Как подло они это сделали!..
Сначала задержали Юрца… взяли в метро, он позвонил матери из отделения милиции, куда его привели… с какими-то журналами взяли. «Синтаксис» какой-нибудь. Или «Хроника текущих событий». Хрен редьки не слаще. Гера уверен, что дело не в журналах. А в том, что кто-то раскрыл Юрцов псевдоним. Известил, что нет никакого Сигизмунда Аржанова, автора книги «Сказки внутренней тюрьмы», прошлой весной вышедшей в Париже, а есть Юрий Колчин, предатель и двурушник, тщетно пытавшийся спрятать свое истинное антисоветское рыло за фальшивой личиной.
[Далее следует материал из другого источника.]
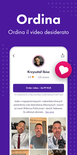 Hype Me è un portale che consente di ordinare video personalizzati dai tuoi artisti preferiti. Unisciti alla community e resta in contatto con influencer, atleti, musicisti, attori e YouTuber. L'applicazione ti permetterà di ordinare video per compleanni, fidanzamenti, addii al celibato, lauree e tante altre occasioni. Puoi ordinare video per te o per i tuoi amici. Scarica l'app e scopri quanto è facile!

И его взяли. А при обыске нашли рукопись. Даже, наверное, несколько вариантов рукописи, он же без конца все свое переписывал, мусолил… взыскательный художник. И, стало быть, все сошлось, не отопрешься. Правка собственноручная… Суда еще не было, но светит Юрцу года четыре каких-нибудь Мордовских лагерей. Или больше. А потом ссылка…
Господи, как страшно!
А второй ход — объявить, что ценную информацию об антисоветском строчкогоне и борзописце Колчине, каждая буква которого оплачена цэрэушной зеленью, Галина Борисовна получила не от кого-нибудь там, а именно от Бронникова, давнего его дружка.
Зачем понадобилось Бронникову давать Галине Борисовне столь важную информацию о Колчине? Ясно как божий день: выслужиться решил, искупить, стало быть, прежние грехи; у него ведь у самого рыльце в пушку: замешан в делишках, позорных и стыдных для любого советского человека; и сам, надо полагать, тянул жадные ручонки к западным сребреникам; давали ему по этим ручонкам, и правильно давали, заслуженно; а теперь он, значит, одумался. Стало быть, на пользу пошло — и то, что из Союза поперли его, графомана этакого, и то, что подлечили маленько психически, выправили кое-какие излишне кривые извилины. Встав на путь исправления, решил прежние вины свои загладить, показать, что, дескать, весь он — от макушки до пяток — свой, советский, честный человек!..
Сердце сжималось…
Гера в тот день часов в пять пошел в ЦДЛ, обещал не позже одиннадцати, а вернулся совсем рано — в восемь, и когда она открыла, первой мыслью было, не вызвать ли «Скорую» — такое окаменелое, бурое лицо было у него. Деревянно прошагал в ванную, заперся.
У нее был запрятан пузырек медицинского. Развела, срезала с лимона несколько чешуек яркой кожуры, бросила, графинчик сунула в холодильник.
Минут через десять постучала. Вышел.
— Что случилось? — выставила водку. — Выпей.